Stored entries:
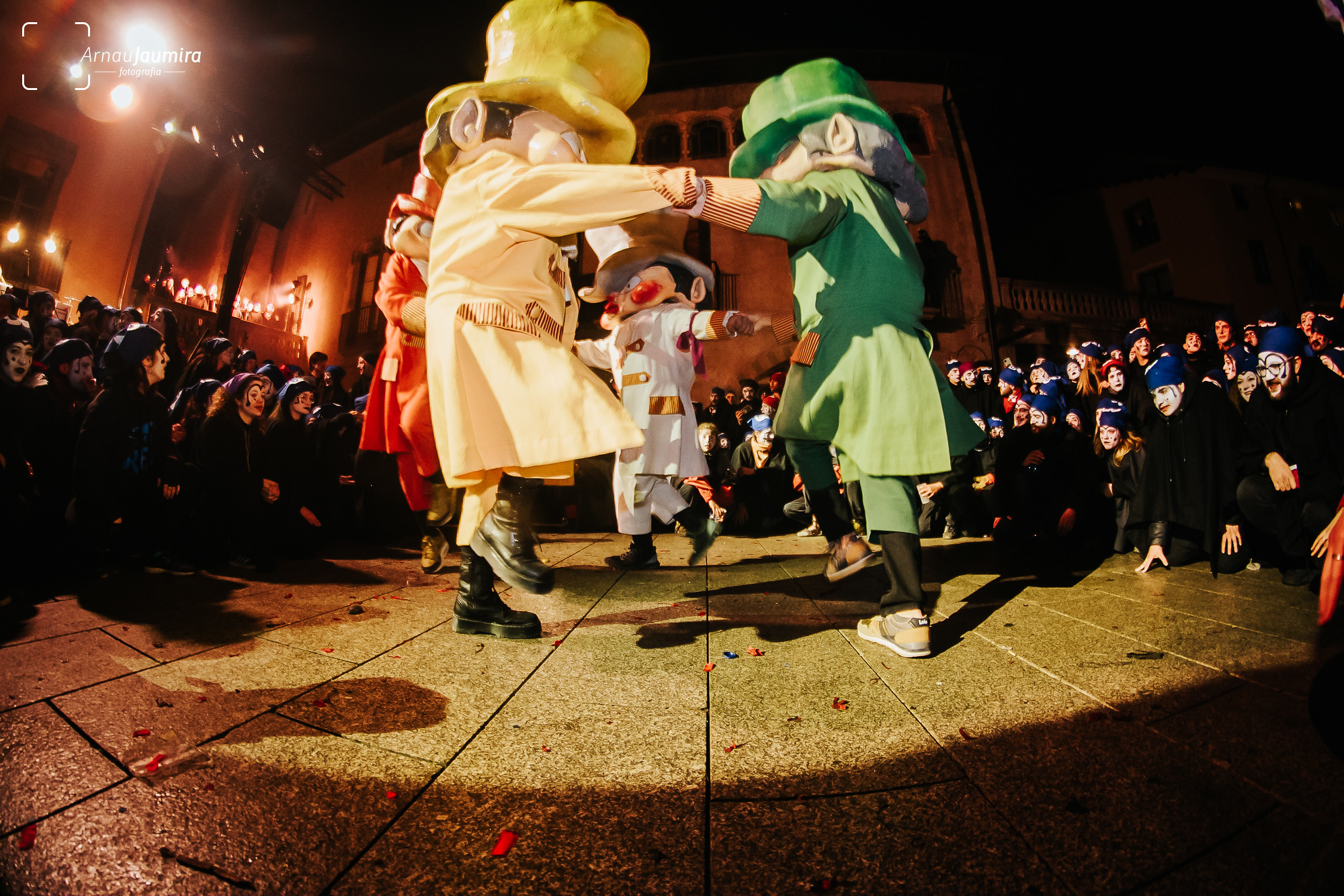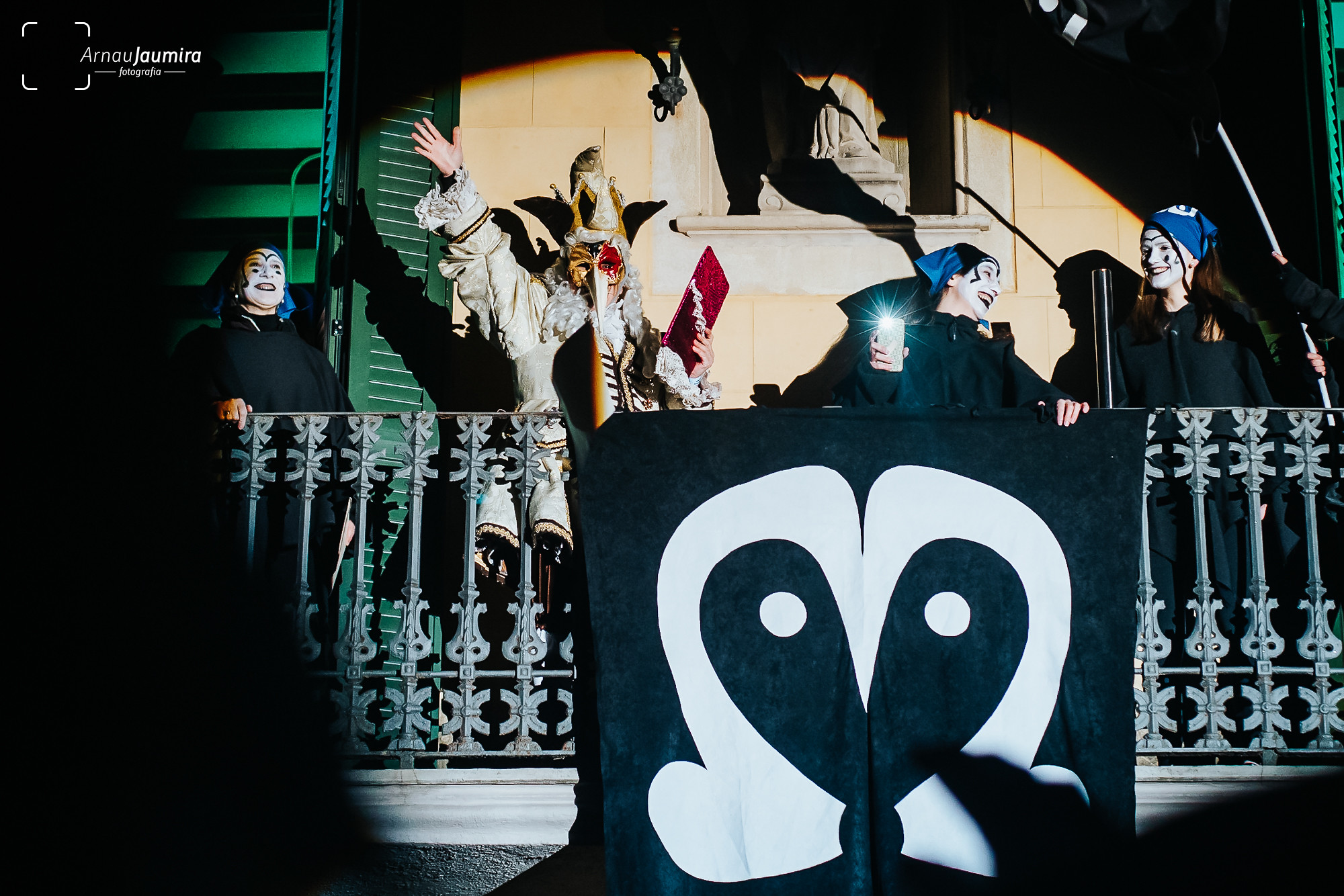 La vetllada comença a la plaça de la Vila, on Sa Majestat Carnestoltes, des del balcó de l’ajuntament, llegeix el pregó davant de tots els súbdits. Seguidament, una cercavila desfila pel centre del poble fins a la plaça Vella, on té lloc el ritual.
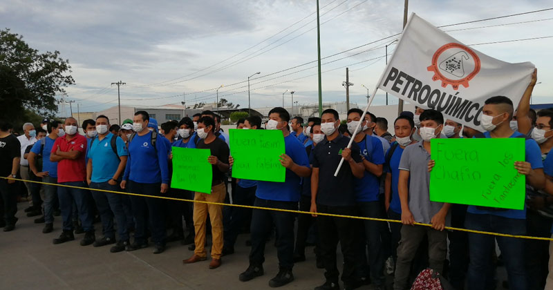 Los inconformes mantendrán bloqueados los dos accesos a la planta hasta que atiendan su exigencia, la cual es apoyada por los dirigentes del sindicato petroquímico.
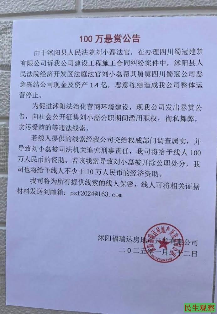 2025年1月22日,沭阳福瑞达房地产开发有限公司(以下简称福瑞达公司)发布悬赏公告称,由于沭阳县人民法院刘小磊法官,在办理四川蜀冠建筑有限公司(以下简称蜀冠公司)诉沭阳福瑞达房地产开发有限公司建设工程施工合同纠纷案件中,沭阳县人民法院经济开发区法庭法官刘小磊枉法办案,帮其舅舅四川蜀冠公司恶意冻结福瑞达公司现金及资产1.4亿,恶意冻结造成该公司整体运营停止,其行为同时严重违反了国家公职人员的行为规范。
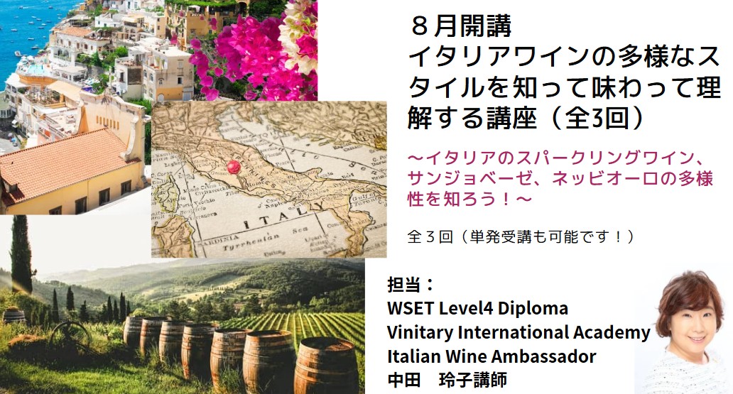 超~わかりやすいタイトルのイタリア講座です。中田講師は今年Vinitary International AcademyのItalian Wine Ambassador資格を取得し、イタリアワインについても歴史から品種、土壌などについて深く学ぶことを継続しています。JSA/WSET,そしてこのイタリアワインアンバサダー、多角的な視点からイタリアワインを学ぶことができます。イタリアという国をブドウから深く知ることができる実り多い講座です。ぜひご参加をお待ちしております。
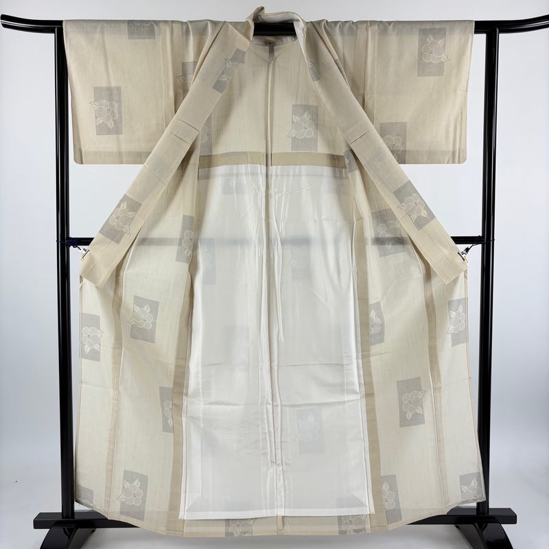 【紬】 白系 ベージュ 名品 C 約150cm~約159cm 裄丈62cm以下 (S)size 袖丈46cm以下 9990-29990 二万以下
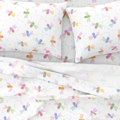 A whimsical surface pattern with buzzing bees and soft rainbow trails. The gentle color palette and playful motion make it perfect for baby products and seasonal home goods.
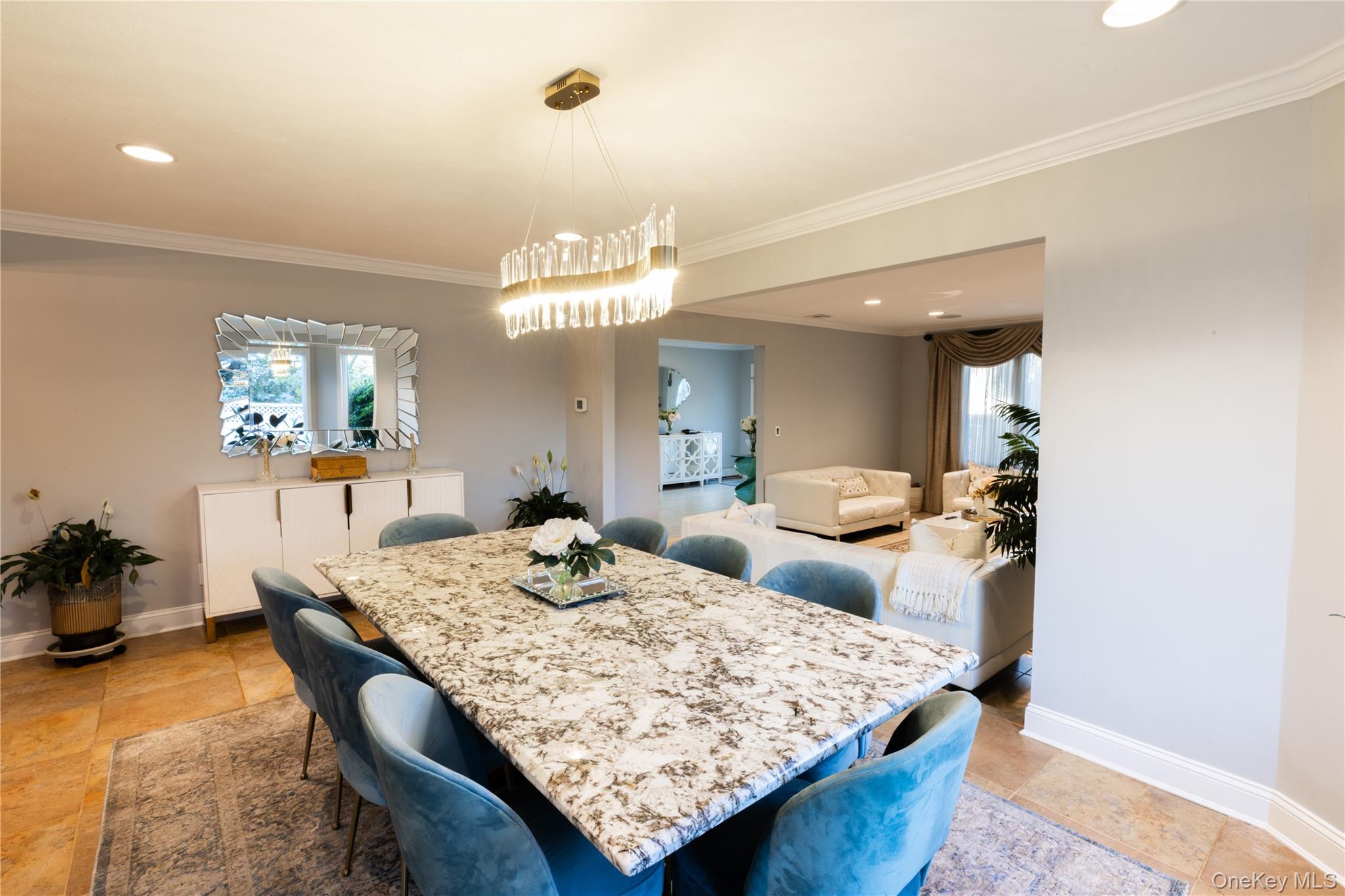 Step into this 3, 100 square foot Splanch, set on Jason Court in Bellmore, where light, space, and thoughtful design flow from one room to the next. The foyer opens into a welcoming living area, perfectly balanced by an elegant dining room. The open layout guides you toward the kitchen, appointed with granite countertops, custom cabinetry, and a Viking stove that anchors the space with a chef’s touch. Just a few steps up, the family room unfolds with soaring ceilings and a gas fireplace as its centerpiece. A built-in banquette sits against an oversized window, offering views of the backyard retreat beyond. Upstairs, the primary suite stretches into a spacious sanctuary with its own sitting area and private balcony—an ideal perch for taking in the water views. The en suite bath complements the suite with its refined design, while three additional bedrooms and a full bathroom with double vanity complete this level. Outdoors, the property transforms into a private resort setting. A heated pool shimmers at the center, framed by mature landscaping and multiple entertaining spaces. The outdoor grill, complete with a large island and even an ice cream maker, sits beneath a pergola for gatherings in every season. This home’s modern touches extend throughout, with smart-home features and Bose surround sound carrying into the backyard, blending everyday living with exceptional convenience. From quiet evenings on the deck to afternoons by the pool, each space feels intentionally designed for comfort and enjoyment.
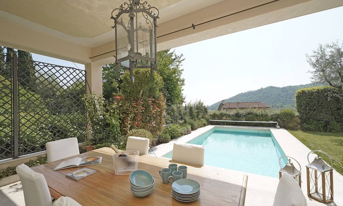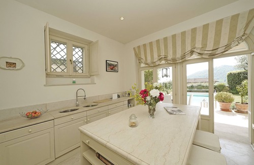 Villa on three levels: entrance level with atrium and French windows with balcony overlooking the pool and lake view; living room with 2 two-seater sofas; going up the stairs you will find: master bedroom with double bed, air conditioning, walk-in wardrobe and private bathroom with double sink, toilet, bidet and Jacuzzi; 2nd bedroom with single bed and bathroom with toilet, bidet and shower all in one room; 3rd bedroom with double sofa bed. Going down the stairs you reach the real ground floor with: large separate fully equipped kitchen with peninsula: dishwasher, oven, coffee maker, toaster, crockery; from the kitchen there is direct access to the porch equipped with dining table and chairs and the private swimming pool. To the side is a small outdoor kitchen. On the same floor is the third separate bathroom with double washbasin, shower, toilet and bidet with French window overlooking the garden. Continuing on, there is access to a laundry area with washing machine. The villa then continues with an air-conditioned annexe, united but separate in space: it consists of a double bedroom, a private bathroom with toilet, bidet and double shower and a second fully equipped kitchen with: oven, microwave, toaster, blender and professional bar coffee machine. Media: smart tv Wifi: included . 2 private outdoor parking spaces inside the property. EXTRA SERVICES: private chef on availability on advance reservation
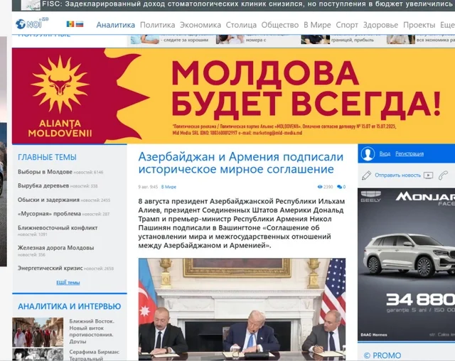 "Noi.md", "Point.md", "Newsmaker.md" və digər xəbər portallarında dərc olunan məqalələrdə Azərbaycan ilə Ermənistan arasında münaqişənin həlli ilə bağlı bəyannamənin əhəmiyyətinə xüsusi yer verilib. Eyni zamanda, Azərbaycan Prezidenti İlham Əliyevin və Ermənistanın baş naziri Nikol Paşinyanın ABŞ Prezidenti Donald Trampın vasitəçiliyi ilə Birgə Bəyannaməni imzalamalarının çoxillik münaqişəyə son qoyduğu və regionda əməkdaşlıq üçün yeni imkanlar açdığı qeyd edilib.
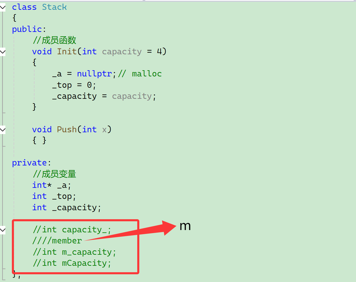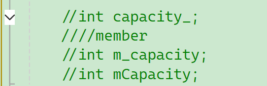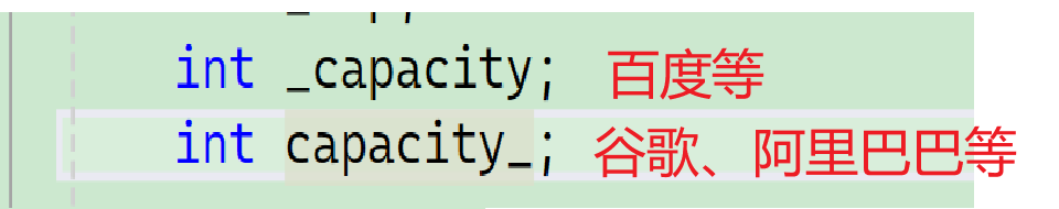 m_ / m + 首字母大写(如mCapacity,再比如m_capacity)。
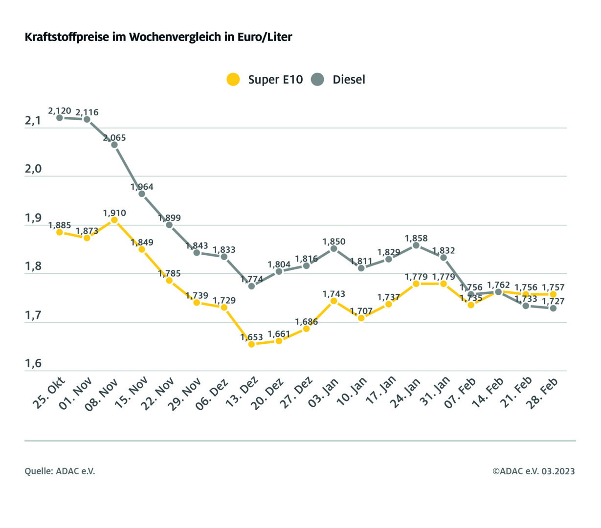 Die Unterschiede der Tagesdurchschnittspreise innerhalb des vergangenen Monats waren bei Benzin eher gering. Teuerster Tag zum Tanken war der 12. Februar mit 1,766 Euro je Liter Super E10, günstigster war der 7. Februar mit 1,735 Euro. Dass sich die Preise der beiden Kraftstoffsorten im Monatsmittel angeglichen haben, lag aber vor allem am deutlicheren Rückgang des Dieselpreises: Den höchsten Stand registrierte der ADAC am 1. Februar mit 1,809 Euro, den niedrigsten am 24. Februar mit 1,712 Euro. Bis einschließlich 13. Februar war Diesel teurer als Super E10, ab dem 14. Februar kehrte sich diese Relation nach über acht Monaten wieder um.
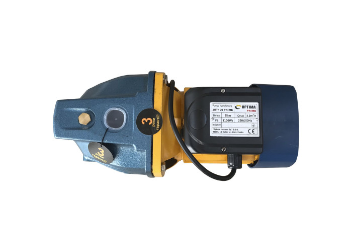 Optima JET100 PRIME 1,1 кВт чавун - це насос відцентрового типу з одним робочим колесом. Тиск в відцентрових насосах створюється завдяки відцентровій силі, що виникає при впливі лопаток робочого колеса на рідину. Глибина підняття води до 9м, досягається завдяки ежектору (трубці Вентурі) встановленим в корпусі насоса. Рідина, що всмоктується, тільки частково подається в нагнітальний патрубок. Частина води, що залишилася, рециркулює через ежектор, який будучи зєднаний з камерою всмоктування, створює в ній розрідження, необхідне для підняття води. Перед запуском в роботу необхідно залити воду в насосну частину. Завдяки системі Вентурі вирішується проблема перекачування рідин з вмістом повітря.
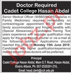 Cadet College Hasan Abdal Jobs 2019 For Medical Officers
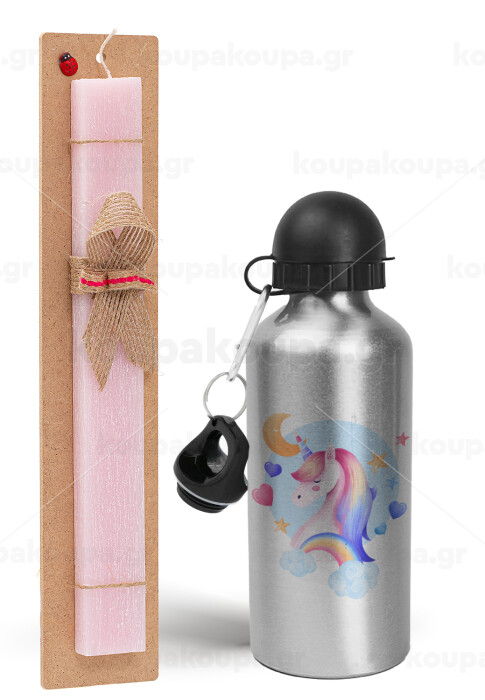 Cute unicorn, Easter Set, metallic Silver aluminum water bottle (500ml) & scented flat Easter candle (30cm) (PINK)

What you need to do |
Between and including the line above that contains "袖丈46cm以下 9990-29990 二万以下" and the line that contains "A whimsical surface", restate every line word for word. Pictures stay out.

Expected output |
 【紬】 白系 ベージュ 名品 C 約150cm~約159cm 裄丈62cm以下 (S)size 袖丈46cm以下 9990-29990 二万以下
 A whimsical surface pattern with buzzing bees and soft rainbow trails. The gentle color palette and playful motion make it perfect for baby products and seasonal home goods.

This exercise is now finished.